Stem cell genes seek each other in the cell nucleus. So a study by the Hubrecht Institute in Utrecht, the Netherlands, has found, published this week in Nature. 'It’s a new way of looking at DNA.'
Prof. Dr. Wouter de Laat of the Hubrecht Institute and his colleagues have shown that DNA strings in embryonic stem cells are folded in a unique manner. The DNA appears to be folded in such a way that all ‘stem cell genes’ are located close to each other. The activity of these genes ensures that stem cells remain stem cells and they do not change into other types of cells.
The so-called stem cell factors are responsible for the special DNA folding in embryonic stem cells. These are proteins that can only be found in stem cells and with which normal cells can be reprogrammed into stem cells. Without these proteins, stem cells lose their unique DNA folding. The proteins attach to DNA strings in various places and ‘pull’ the strings together.

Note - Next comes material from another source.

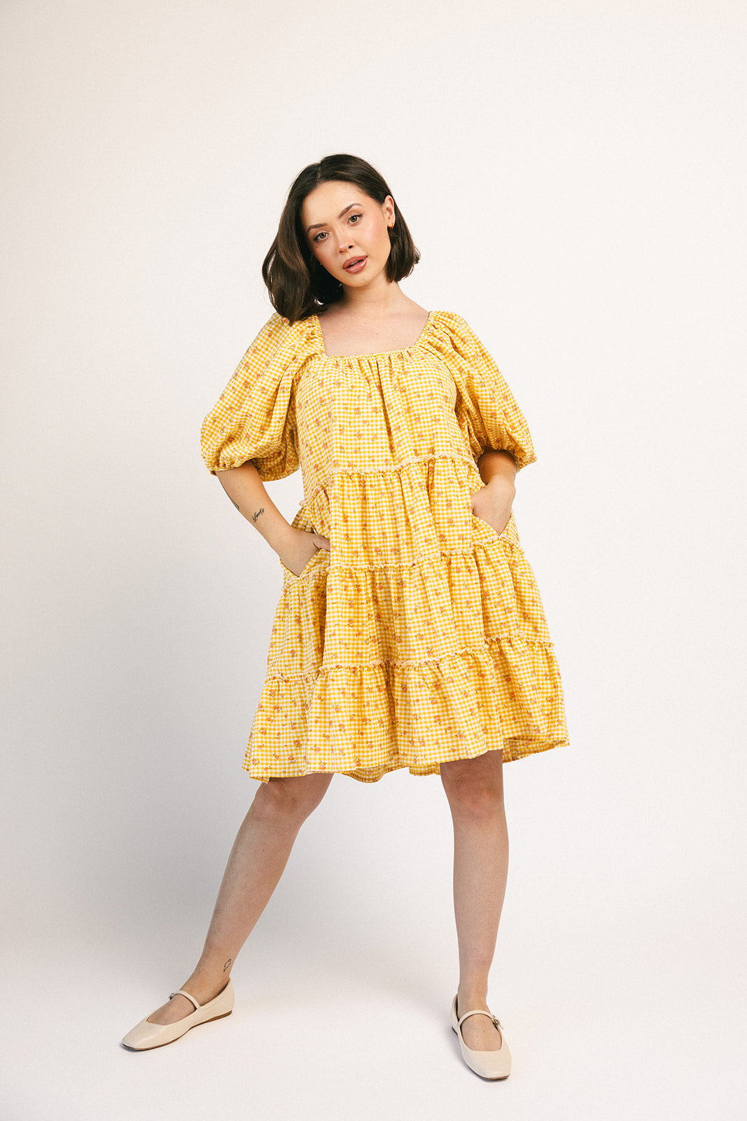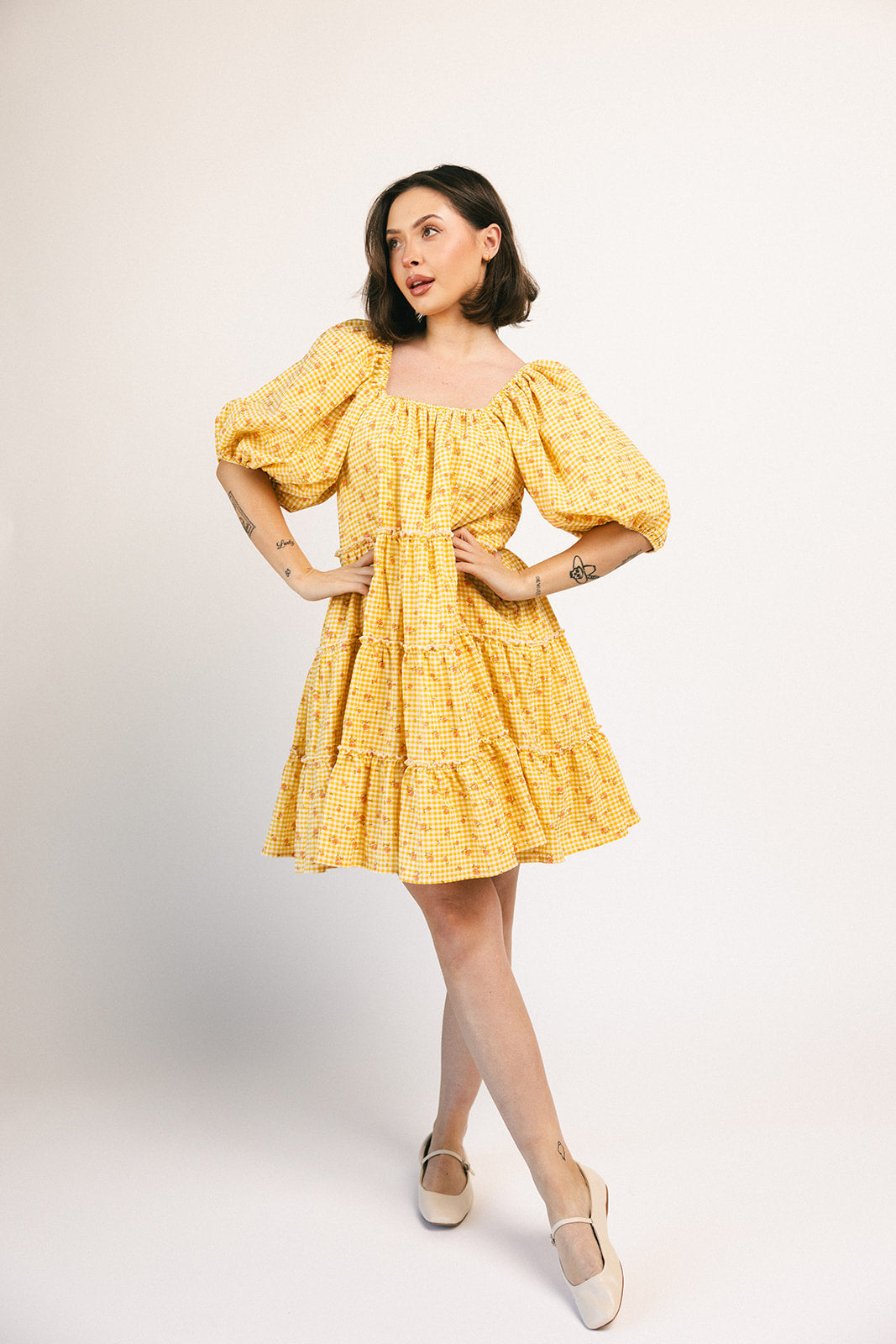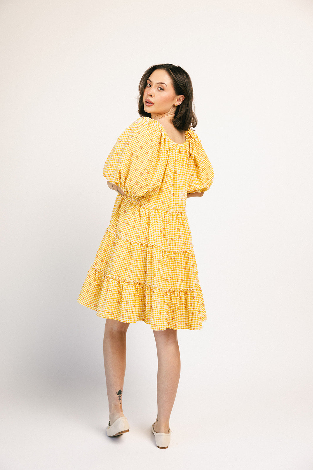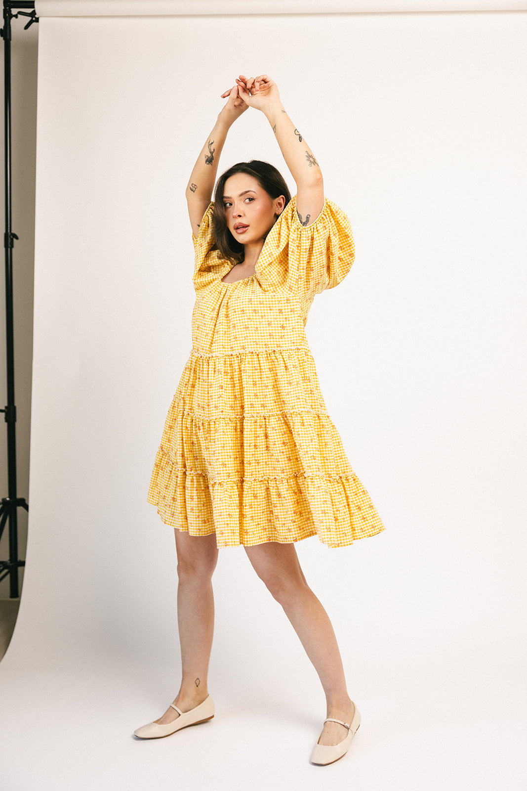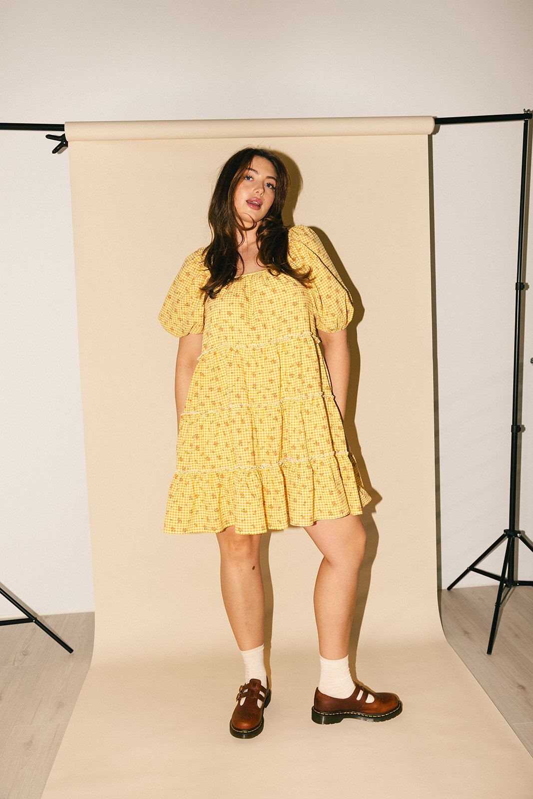 Från familjebilder till helgärenden, vår exklusiva korta Daymaker-klänning från Zoco gör allt. Tillverkad i ett sött gult ginghammönster med blommiga detaljer, har denna puffärmade klänning samma avslappnade känsla som vår ursprungliga Daymaker-klänning, men med en extra flörtig stil. Den stretchiga rundade halsringningen + shift-silhuetten erbjuder massor av mångsidighet, så det är den perfekta böljande miniklänningen för varje tillfälle.

'We don’t know exactly why these genes have to be so close to each other”, says de Laat. “But of course it’s entirely possible that this will allow the stem cell genes to be sequenced in an improved and more stable manner. It makes stem cells more robust.'
The findings by de Laat and his colleagues underline the importance of the three-dimensional organization of DNA strings. It was previously thought that only the sequence of the genetic letters in the DNA was important. But it seems that it is important for genes with a comparable role to literally be close to each other. 'This is a new way of looking at DNA. The spatial organization of the DNA actually forms an additional control layer.'
De Laat and his colleagues outline their findings on July 24, 2013 in Nature. Biologist Prof. Dr. Wouter de Laat is group leader at the Hubrecht Institute. He specializes in making DNA folding in the cell nucleus visible. In the long run, the findings from the study will contribute to ‘regenerative medicine’ and could lead to new insights into the origins of diseases. The Hubrecht Institute is a research institute of the Royal Netherlands Academy of Arts and Sciences and collaborates closely with University Medical Center Utrecht.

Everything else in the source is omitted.